In brief — The osteocyte connectome is the bone’s cellular communication network: osteocytes talk to each other through cytoplasmic extensions running inside canaliculi, coordinating remodeling and mechanical adaptation. It is essential for implant osseointegration — and recent work shows it can be disrupted by ageing, disease, and even hijacked by bacteria.

Sintesi (IT) — Il connettoma osteocitario è la rete di comunicazione cellulare dell’osso: gli osteociti dialogano attraverso prolungamenti citoplasmatici, coordinando rimodellamento e adattamento meccanico. È essenziale per l’osteointegrazione degli impianti, e può essere alterato da invecchiamento, malattia e infezioni.

The term connectome usually refers to the map of neural connections in the brain. Here, it describes the structural and functional connections between bone cells.

The paper titled Towards a Connectomic Description of the Osteocyte Lacunocanalicular Network in Bone examines the osteocyte network, focusing on the structure and function of the lacunocanalicular network (LCN) across various bone tissues. Osteocytes, the most abundant bone cells, form a complex network within bone tissue that is essential for skeletal health and mechanobiological adaptation. The detailed structure of this network — its connectome — had been studied far less, until recent advances in three-dimensional imaging.

Osteocytes sit inside bony lacunae, and their cytoplasmic extensions run through the corresponding canaliculi. It is obvious that osteocytes contact one another through these extensions. Yet the canalicular extracellular matrix is itself an integral part of the connectome and of the integrated osteocyte system.

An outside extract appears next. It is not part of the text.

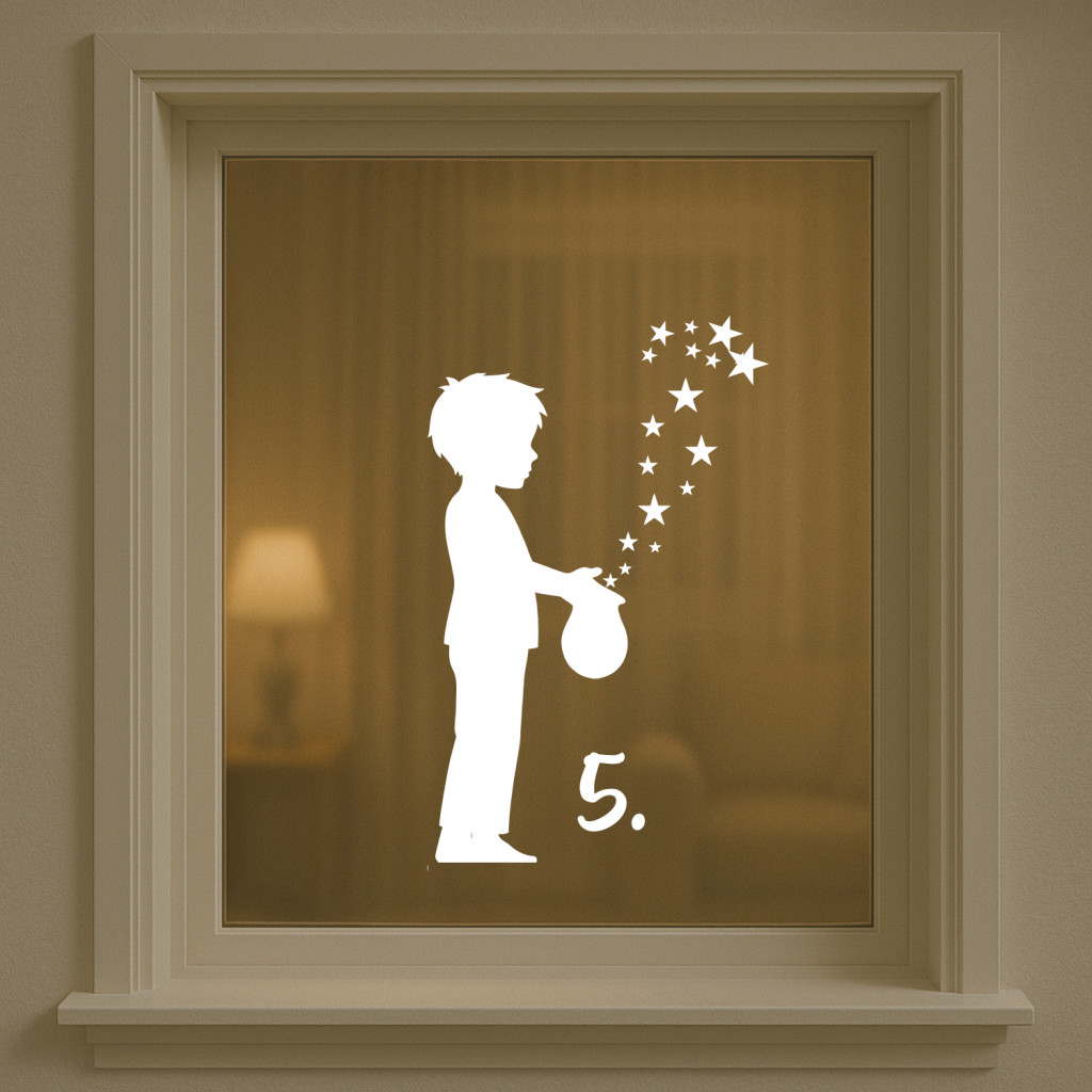 A csillagszóró kisfiú mintája meghitt karácsonyi atmoszférát teremt, a választható szám pedig igazán személyessé teszi az ablakdekorációt.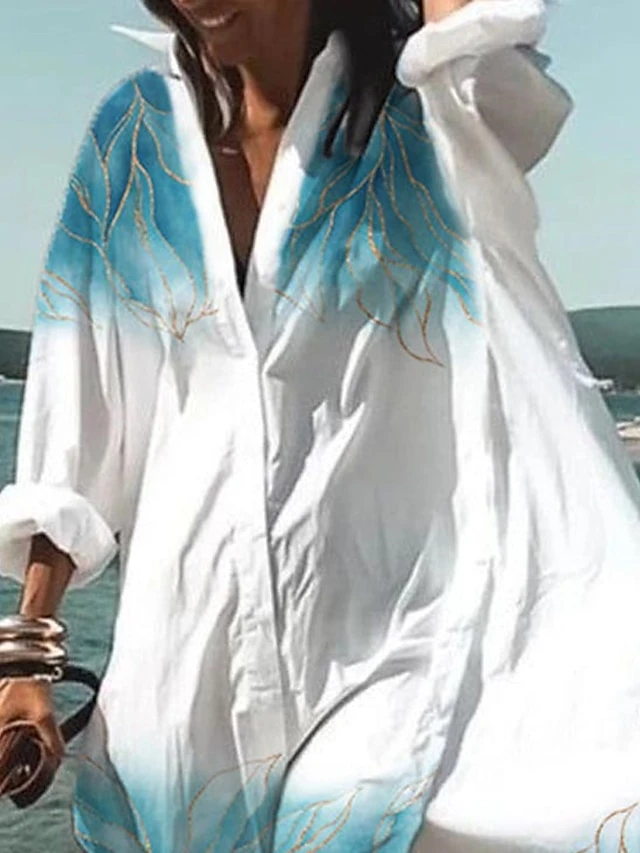 Women’s Shirt Dress Cover Up Beach Wear Mini Dress Button Print Fashion Casual Graphic V Neck Long Sleeve Loose Fit Outdoor Daily White 2023 Spring Summer S M L XL

Osteocytes are connected to one another. SEM micrograph showing the extensive lacuno-canalicular network (LCN). Canaliculi connect to the bone surface and to the marrow space (right side of the figure). CC BY-NC 3.0 DOI:10.3803/EnM.2010.25.3.161

Most of the osteocyte network’s functions can only be understood through the interaction between the intramembranous cellular network and the material inside the canalicular matrix.

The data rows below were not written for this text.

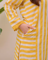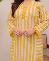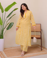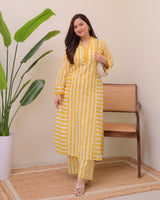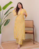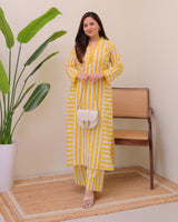 Yellow Sunlit Striped Luxe Cotton Kurta Set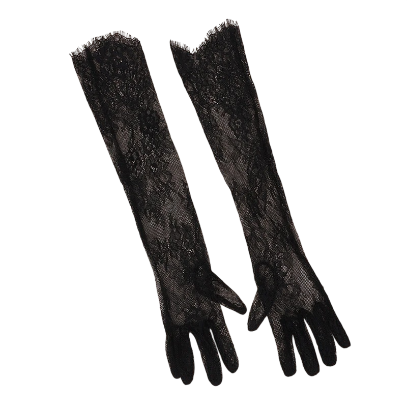 El diseño de dedos completos permite una cobertura total de las manos y mantiene una apariencia uniforme. El patrón de encaje se distribuye uniformemente a lo largo de los guantes, creando un efecto decorativo. El corte alargado otorga a los guantes un carácter más distintivo y resalta el atuendo general.
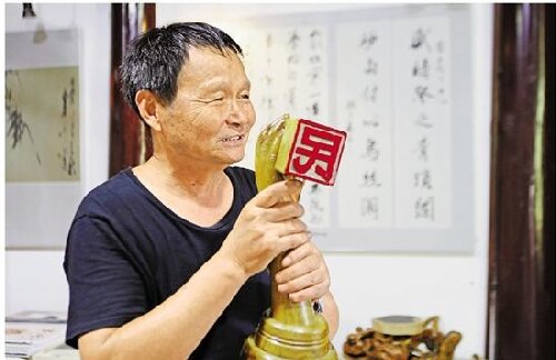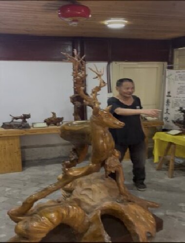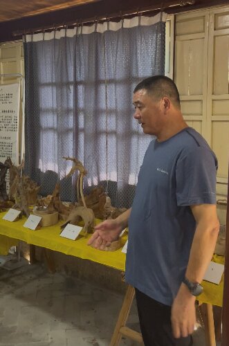 年近八旬的童布端宗亲对祖籍宗亲和衢州江山远道而来的童氏宗亲到访热情接待,认真介绍起他引以自豪的藏品根雕鹿及众多收藏作品,还为我们哼唱起“渔工号子”。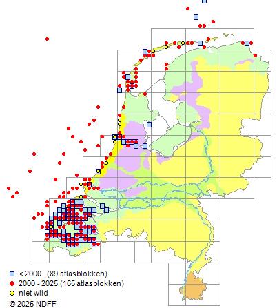 Het aantal atlasblokken (5x5 km) waarin de soort is gemeld binnen een periode van vijf jaar (vanaf 1980) of twintig jaar. Niet gecorrigeerd voor waarnemersinspanning en het aantal doorgegeven waarnemingen kan sterk variëren per periode, dus een trend in verspreiding kan hier niet direct uit worden afgelezen. Het opgegeven jaartal is het eerste jaar van de periode. Bron: gevalideerde waarnemingen uit de NDFF.

Introduction and general observations on connectomics and network function

The paper introduces osteocytes and their network within compact bone tissue, highlighting their importance in cross-organ communication and bone remodeling.

As noted above, understanding the structure-function relationship in the osteocyte network can borrow methods developed in neural-network research. After all, the cellular processes of osteocytes recall the dendrites and axons of neurons.

The osteocyte network behaves like a bio-mechanical sensory organ. Beyond its obvious role in phosphate metabolism, this “organ” communicates with the kidney through Fgf23 and with the brain through leptin expression.

Osteocytes release various molecules — including osteocalcin, sclerostin and other osteokines — that can cross the blood-brain barrier and influence brain function.

Possible neuroprotective effects: Some studies suggest that osteocalcin, released by osteocytes, may have neuroprotective effects, positively influencing motor function and reducing neuronal loss and inflammation in the brain.

A 2025 review in Frontiers in Cell and Developmental Biology (Wu and colleagues) restates this view forcefully: the osteocyte is the conductor of skeletal homeostasis. It senses mechanical load through channels such as Piezo1 and through integrins, tunes the RANKL/OPG axis and the Wnt pathway via sclerostin, governs phosphate through FGF23. And when this cell falls ill — apoptosis, ferroptosis, pyroptosis — the lacunocanalicular network unravels and remodeling slips off its rails: this is the mechanism the authors place at the very core of osteoporosis. Worth one caution, though, raised by a 2023 review from Marahleh and colleagues: much of what we credit to the osteocyte comes from animal models that are not osteocyte-specific. Calling them “orchestrators” is evocative, but the clean, cell-by-cell evidence is in large part still missing.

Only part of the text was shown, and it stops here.